Aside from the design of AFGP analogues with enhanced chemical and biological stability, we also seek to design antifreeze glycoconjugates with custom-tailored antifreeze protein-specific activity. Biological antifreezes possess primarily two types of activity. The first is thermal hysteresis which is a depression of freezing point relative to melting point. In conjunction with this, "dynamic ice shaping" is also observed.

In addition to thermal hysteresis, biological antifreezes also can inhibit recrystallization in frozen samples.  While recrystallization-inhibition activity is a very desirable property that makes these compounds attractive as cryoprotectants for cells, tissues and organs, the dynamic ice shaping associated with thermal hysteresis causes significant cellular damage at temperatures outside of the TH gap.  Consequently, native antifreeze glycoprotein is a poor cryoprotectant.  During the last several years, our laboratory has designed several C-linked AFGP analogues that are extremely potent recrystallization inhibitors but do not posses thermal hysteresis.  As a result, these compounds are ideally suited for many cryomedical applications.  Our laboratory is presently exploring such applications in various biological systems.

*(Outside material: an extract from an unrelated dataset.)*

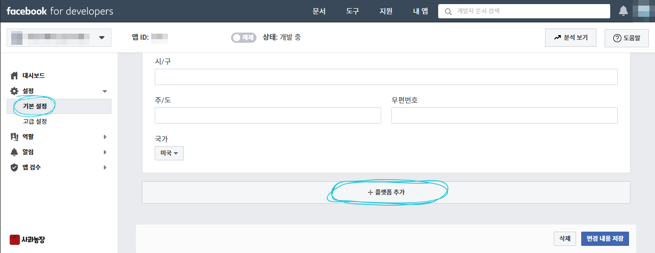 위에서 앱 만들기 버튼을 누르면 기본정보(?)를 입력해야 하는데,
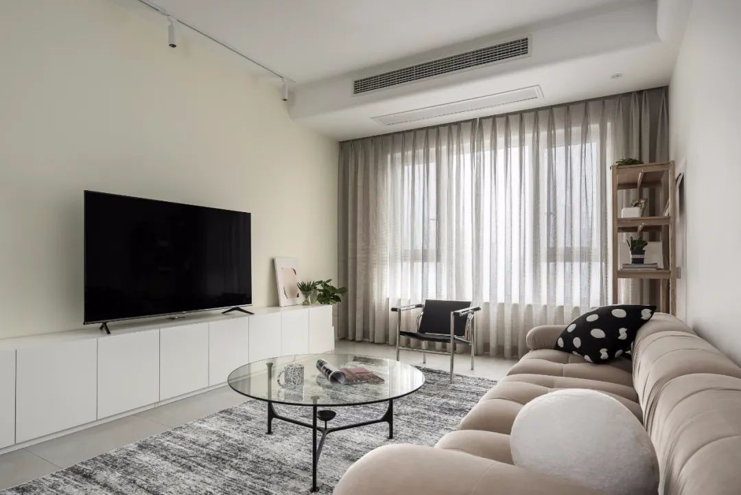 奶油色的色调,柔软的沙发,原木色的家具

Native antifreeze glycoproteins (AFGPs) have the unusual ability to inhibit the growth of ice in organisms inhabiting sub-zero environments.  AFGPs can depress the freezing point of a solution below the melting point in a non-colligative manner.  This results in a thermal hysteretic (TH) gap typically between -1 to -8 oC because of the irreversible binding of AFGP to the surface of the ice crystal.  This binding event changes the habit or morphology of the ice crystal. AFGPs also have the ability to inhibit ice recrystallization, a process whereby large ice crystals in a frozen sample grow larger at the expense of smaller ice crystals.  These two activities are coupled together and this is problematic for cryopreservation applications as the modified ice crystal morphology exacerbates cell damage at the low temperatures associated with cryopreservation.  Thus, all biological antifreezes are poor cryprotectants.  The ability to inhibit ice recrystallization is highly desirable for cryopreservation applications and our laboratory has successfully “engineered” carbon-linked (C-linked) AFGP analogues that are potent inhibitors of ice recrystallization but do not exhibit TH activity (1,2).  We subsequently demonstrated that the carbohydrate moiety in these analogues dramatically modulates IRI activity and highly hydrated carbohydates are the most potent inhibitors of ice recrystallization (3).  This work represented a tremendous breakthrough in understanding how these molecules function and has been featured as an ACS highlight article and a Faculty 1000 Biology editorial highlight. Extensive structure activity relationship (SAR) studies have been performed on our C-AFGPs and several structural features (i.e. side chain length, carbohydrate structure, linkage between carbohydrate moiety and peptide backbone) have been identified as important for IRI activity (1,2,4,5).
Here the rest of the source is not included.